JoinOrder = Union[int, Tuple]
JoinPair = Tuple['Multiset', 'Multiset']

class Multiset:
"""A logically immutable multiset based on Counter."""

def __init__(self, iterable: Iterable):
self._cnt = Counter(iterable)

def __eq__(self, other: Any) -> bool:
return self._cnt == other._cnt if isinstance(other, Multiset) else False

def __hash__(self) -> int:
return hash(frozenset(self._cnt.items()))

def __iter__(self) -> Iterator[int]:
return self._cnt.elements()

def __len__(self) -> int:
return sum(self._cnt.values())

def __sub__(self, other: Any) -> 'Multiset':
if not isinstance(other, Multiset):
raise TypeError(f'Multiset required, but {type(other)} passed.')
return Multiset(self._cnt - other._cnt)

def powerset(self) -> Iterator['Multiset']:
"""Return an iterator of non-empty proper subsets."""
return map(Multiset, chain.from_iterable(combinations(self, r)
for r in range(1, len(self))))

def opt_join_order(relations: List[int]) -> Tuple[int, JoinOrder]:
"""Return minimum join cost with an optimal join order as a nested tuple.

Parameters:
relations -- a non-empty list of positive integers denoting
the number of blocks occupied by each relation.
"""
class Result(NamedTuple):
cost: int = 0
pair: Optional[JoinPair] = None

@functools.cache
def min_join_cost(rels: Multiset) -> Result:
"""Return minimum join cost with a pair of relations whose joining
results in the optimal cost.
"""
def join_cost(outer: Multiset, inner: Multiset) -> int:
"""Return nested-loop block join cost of outer and inner relations."""
return math.prod(outer) * (math.prod(inner) + 1)

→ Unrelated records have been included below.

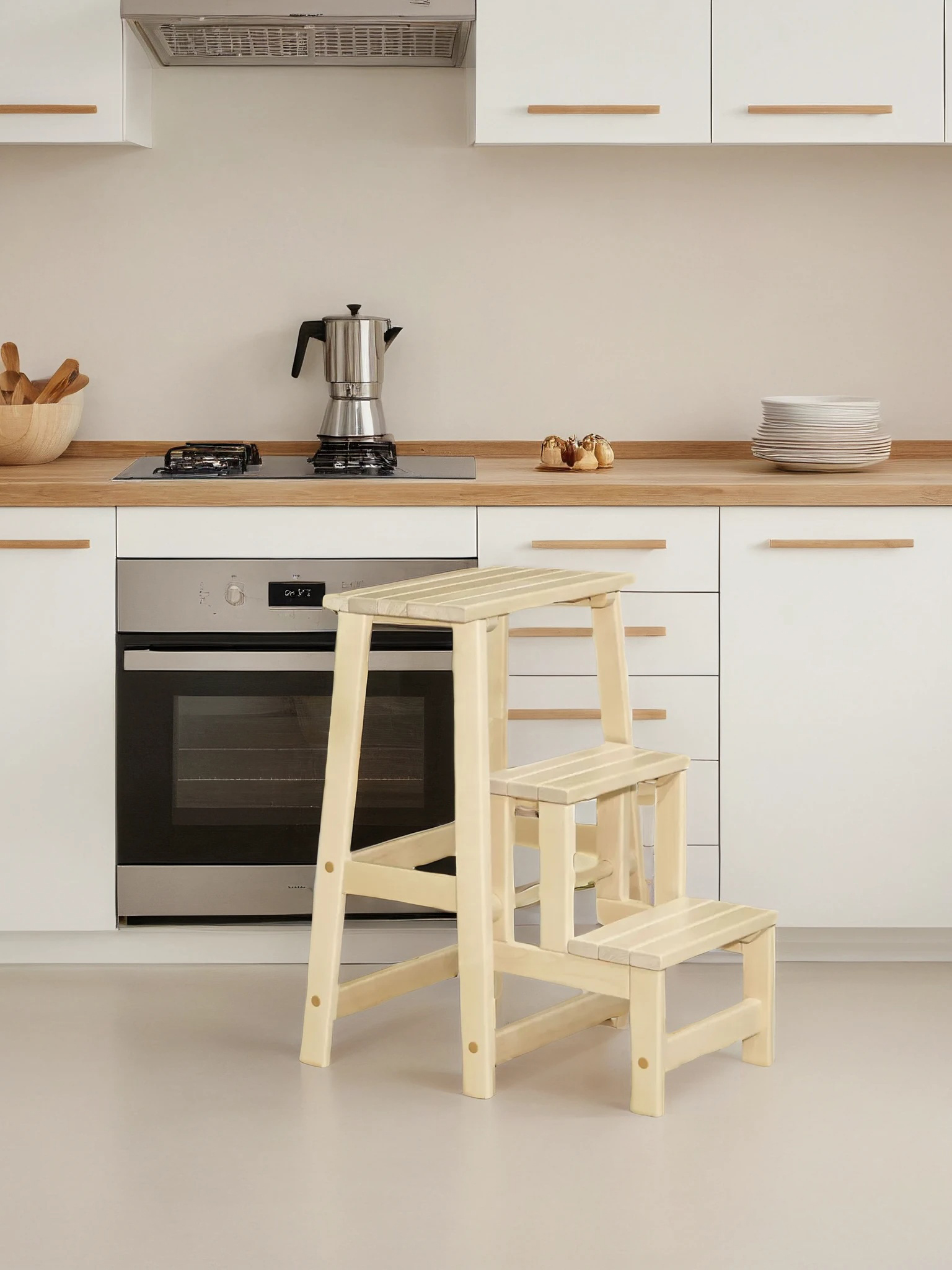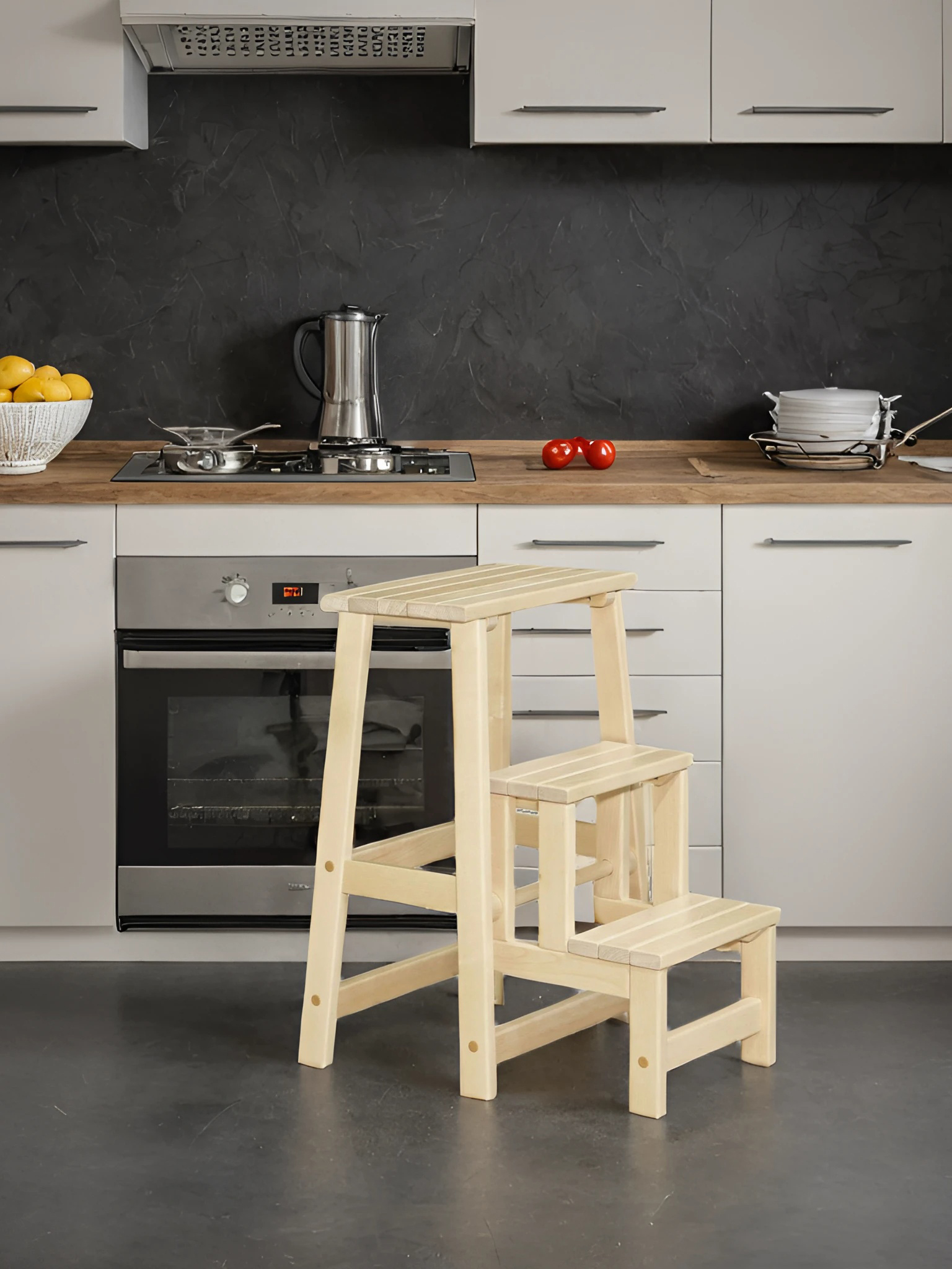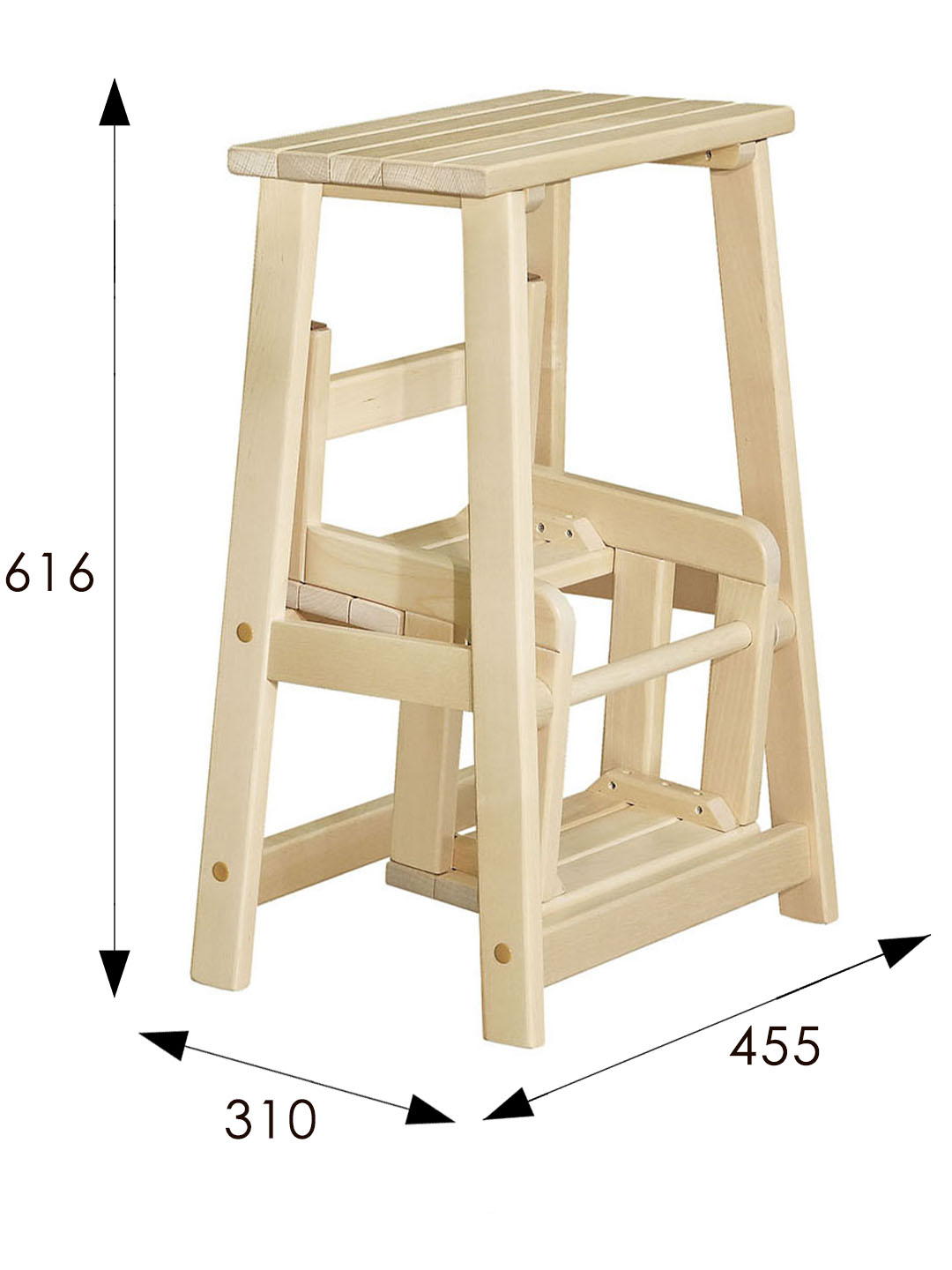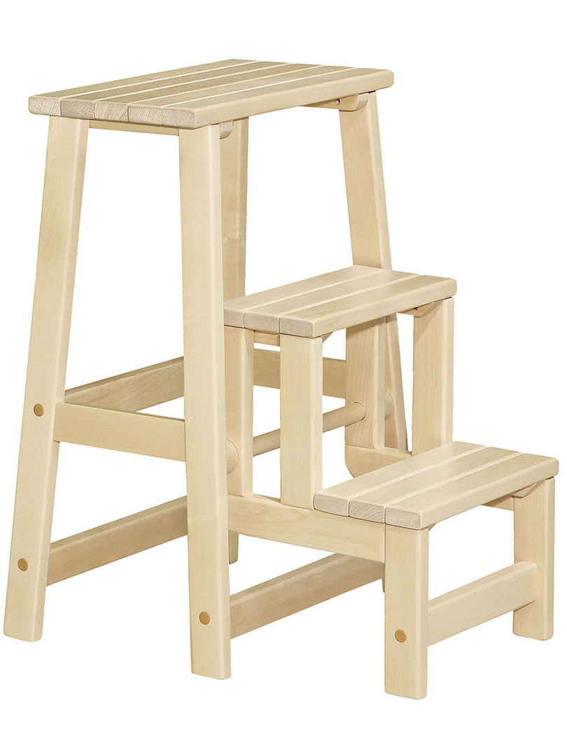 Высокий табурет (обратите внимание на высоту сиденья в характеристиках), одновременно и небольшая стремянка на три ступени. Вещь незаменимая в современных кухнях. Высоко расположенные вместительные навесные ящики часто оказываются недоступными для домохозяек именно из-за высоты. Даже обычного табурета иногда не хватает для того, чтобы дотянуться до нужных вещей на верхних полках. Стремянка в разобранном виде позволяет достать рукой до потолка в квартире человеку даже не самого большого роста. В собранном виде – дополнительное место для сидения и не бросается в глаза. Несколько вариантов цветов позволяют подобрать наиболее подходящий в вашу кухню. Каркас из натурального дерева делает стремянку легкой и прочной. Отличное приобретение, может служить подарком хозяйке. Материалы: массив Упаковка: 61,5*33*10 см, 1 место Вес: 7,2 кг Цвет: бук, венге, лак, орех, снегХарактеристики
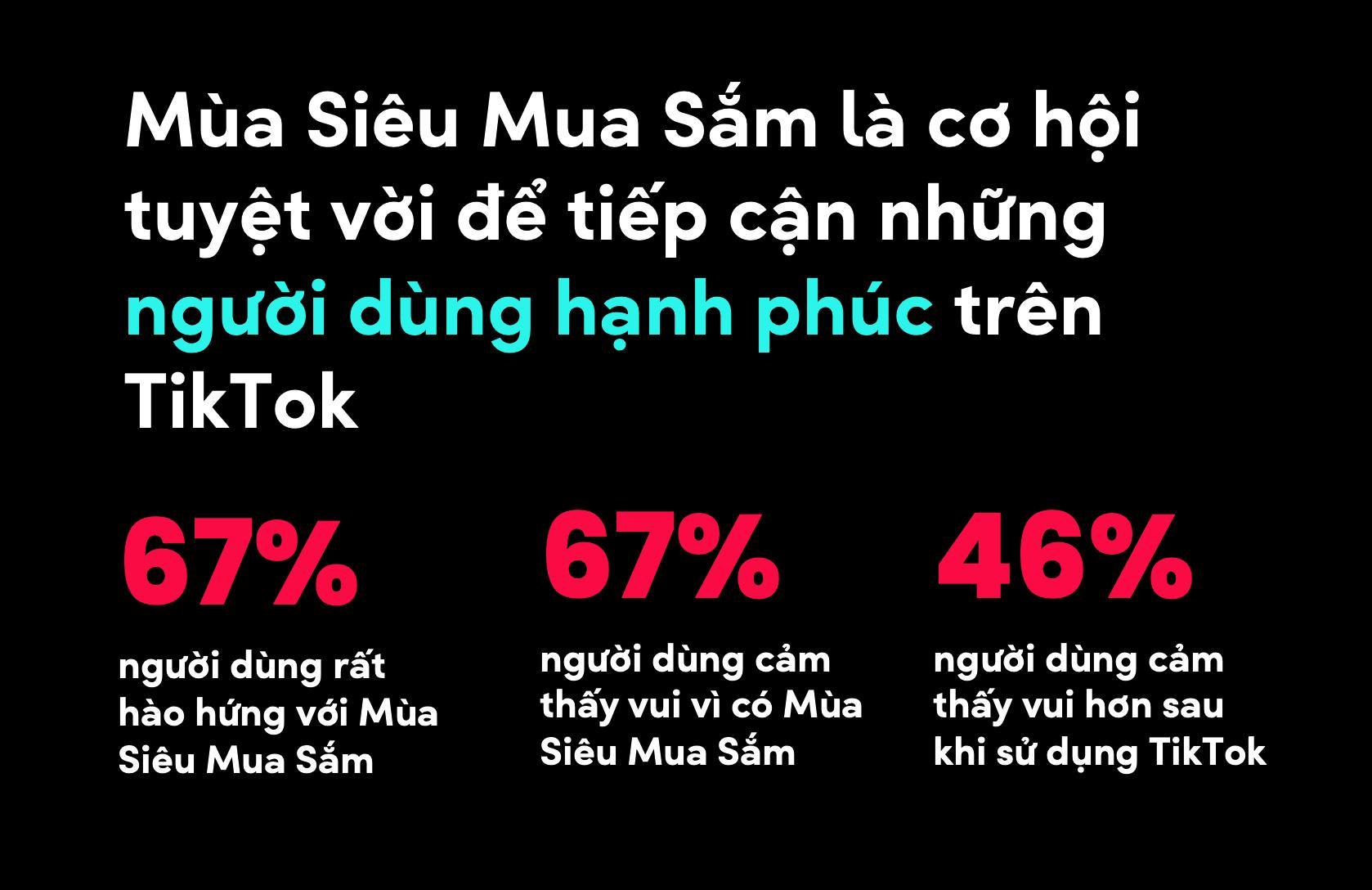 Cộng đồng người dùng TikTok hiện vẫn đang tăng trưởng liên tục, ngày càng dành nhiều thời gian trên nền tảng và hứng thú với các nội dung tiếp thị sáng tạo trong dịp lễ hội mua sắm. Điều này biến TikTok trở thành điểm đến chiến lược nơi doanh nghiệp gặp gỡ người tiêu dùng. TikTok mang đến cơ hội cho doanh nghiệp để cùng sáng tạo với cộng đồng, giúp họ tạo ra siêu khoảnh khắc của riêng mình trong Mùa Siêu Mua Sắm năm nay và đạt được hiệu quả kinh doanh.
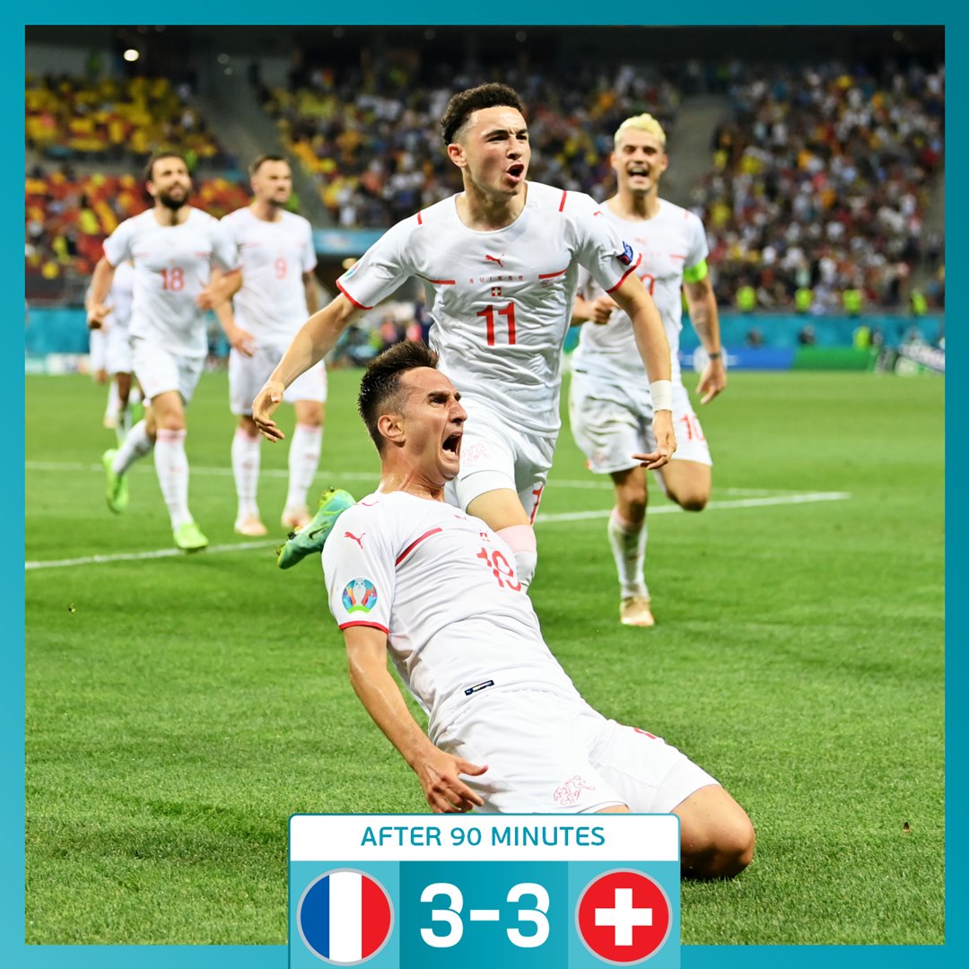 Franța și Elveția au remizat, scor 3 la 3, la finalul celor 90 de minute regulamentare, exact cum făcuseră și Spania și Croația în optimea de finală precedentă.
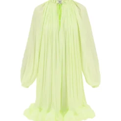 Lanvin wide-cut short dress in fluid charmeuse with a frilled crew neck and a structured wavy ruffle hem. It features long, bouffant raglan sleeves and front ties. The model is 177 cm tall and wears a size FR 36.

results = (Result(cost=min_join_cost(subset).cost
+ min_join_cost(rels - subset).cost
+ join_cost(subset, rels - subset),
pair=(subset, rels - subset))
for subset in rels.powerset())
return min(results, key=lambda r: r.cost, default=Result())

def reconstruct_join_order(rels: Multiset) -> JoinOrder:
"""Return the nested tuple denoting an optimal join order."""
if len(rels) == 1:
return next(iter(rels))
else:
joining_pair = cast(JoinPair, min_join_cost(rels).pair)
return tuple(map(reconstruct_join_order, joining_pair))

rels = Multiset(relations)
return min_join_cost(rels).cost, reconstruct_join_order(rels)

if __name__ == '__main__':
import doctest
doctest.testmod()


### Dealing with More Relations

Though not commonly seen, there are cases in which we wish to join a large number of relations. Dynamic programming no longer satisfies our needs now, or else the time saving in actual join operations is more than offset by the cost of optimal join order computation.

In practice, many database systems simply employ a greedy strategy to decide the join order among a larger number of relations aside from regular dynamic programming approach. It is worthy of note that PostgreSQL implements a heuristic genetic algorithm to find a possible global optimum in a large search space.